• What you have to do:
Return exactly the run of lines that begins at the line containing "这个春节档,韩寒执导的《飞驰" and ends at the last line of the material below; pictures stay out.

• Raw data:
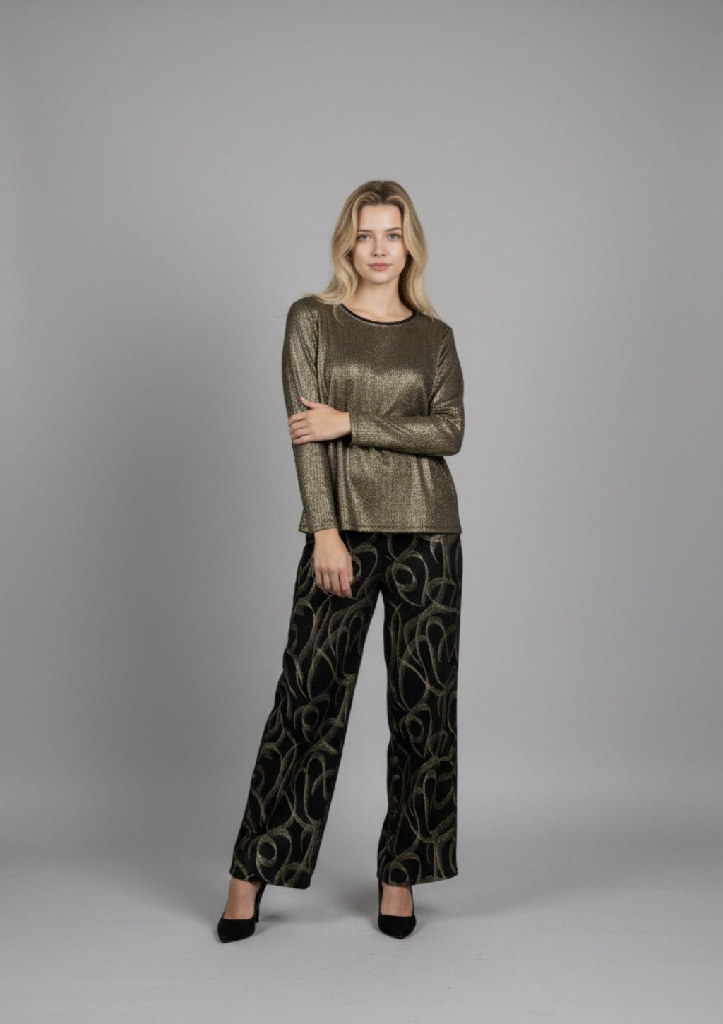 Frank Lyman arany csillogós kerek nyakú hosszú ujjú felső.
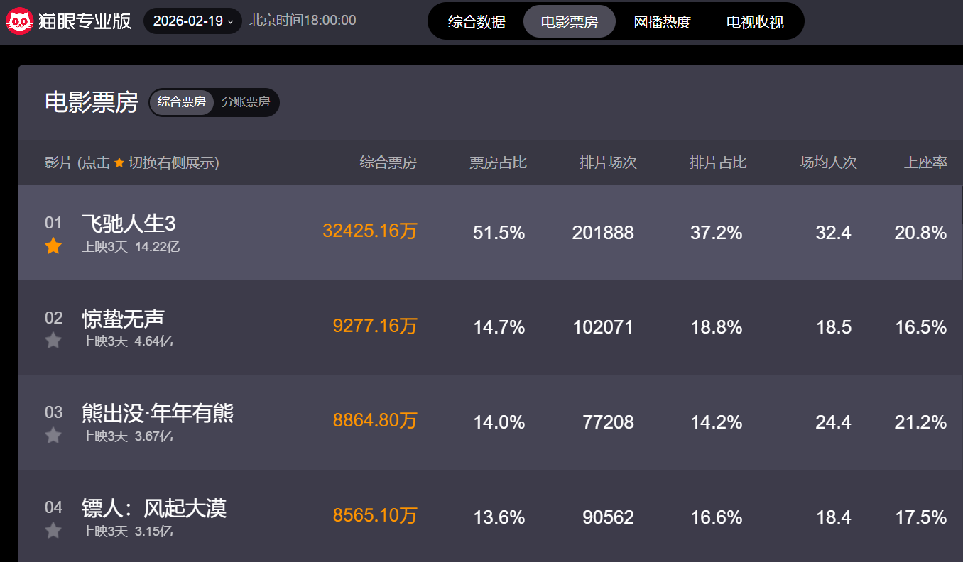 这个春节档,韩寒执导的《飞驰人生3》成现象级爆款,截至(正月初三)2月19日18时00分,实时票房冲破32亿平均每天10多亿稳居榜首,猫眼预测有望冲击50亿。票房狂飙背后,一汽奥迪、理想、坦克500三大汽车品牌借势破圈,避开生硬硬广,凭与剧情的深度绑定成为隐藏赢家,更给汽车行业电影营销写下可复制范本。
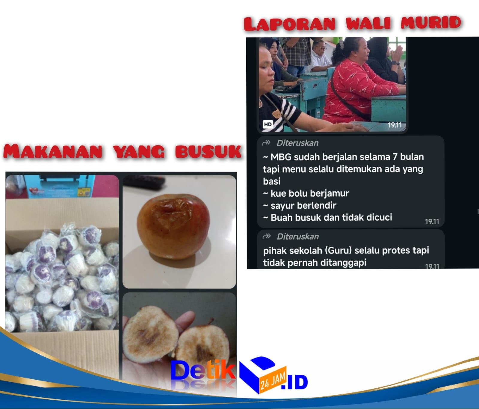 “Program MBG ini sudah berjalan sekitar tujuh bulan, tapi kami sering menemukan makanan yang basi. Ada kue bolu berjamur, sayurnya berlendir, dan buahnya busuk bahkan tidak dicuci,” ungkapnya kepada awak media sambil menunjukkan foto dan rekaman video.
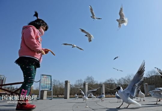國家旅游地理 寧夏銀川3月10日訊 3月9日,在銀川市燕鴿湖,一位小朋友在喂食紅嘴鷗。近日,隨著寧夏銀川市各湖泊、濕地冰面融化,銀川市興慶區(qū)燕鴿湖迎來數(shù)百只紅嘴鷗在湖面飛翔覓食。近年來,銀川市持續(xù)加大對濕地的保護與恢復,每年春季都有大批候鳥光顧,成為銀川市一道美麗風景。 /新華社記者 王鵬 攝

• Answer to this exercise:
 这个春节档,韩寒执导的《飞驰人生3》成现象级爆款,截至(正月初三)2月19日18时00分,实时票房冲破32亿平均每天10多亿稳居榜首,猫眼预测有望冲击50亿。票房狂飙背后,一汽奥迪、理想、坦克500三大汽车品牌借势破圈,避开生硬硬广,凭与剧情的深度绑定成为隐藏赢家,更给汽车行业电影营销写下可复制范本。
 “Program MBG ini sudah berjalan sekitar tujuh bulan, tapi kami sering menemukan makanan yang basi. Ada kue bolu berjamur, sayurnya berlendir, dan buahnya busuk bahkan tidak dicuci,” ungkapnya kepada awak media sambil menunjukkan foto dan rekaman video.
國家旅游地理 寧夏銀川3月10日訊 3月9日,在銀川市燕鴿湖,一位小朋友在喂食紅嘴鷗。近日,隨著寧夏銀川市各湖泊、濕地冰面融化,銀川市興慶區(qū)燕鴿湖迎來數(shù)百只紅嘴鷗在湖面飛翔覓食。近年來,銀川市持續(xù)加大對濕地的保護與恢復,每年春季都有大批候鳥光顧,成為銀川市一道美麗風景。 /新華社記者 王鵬 攝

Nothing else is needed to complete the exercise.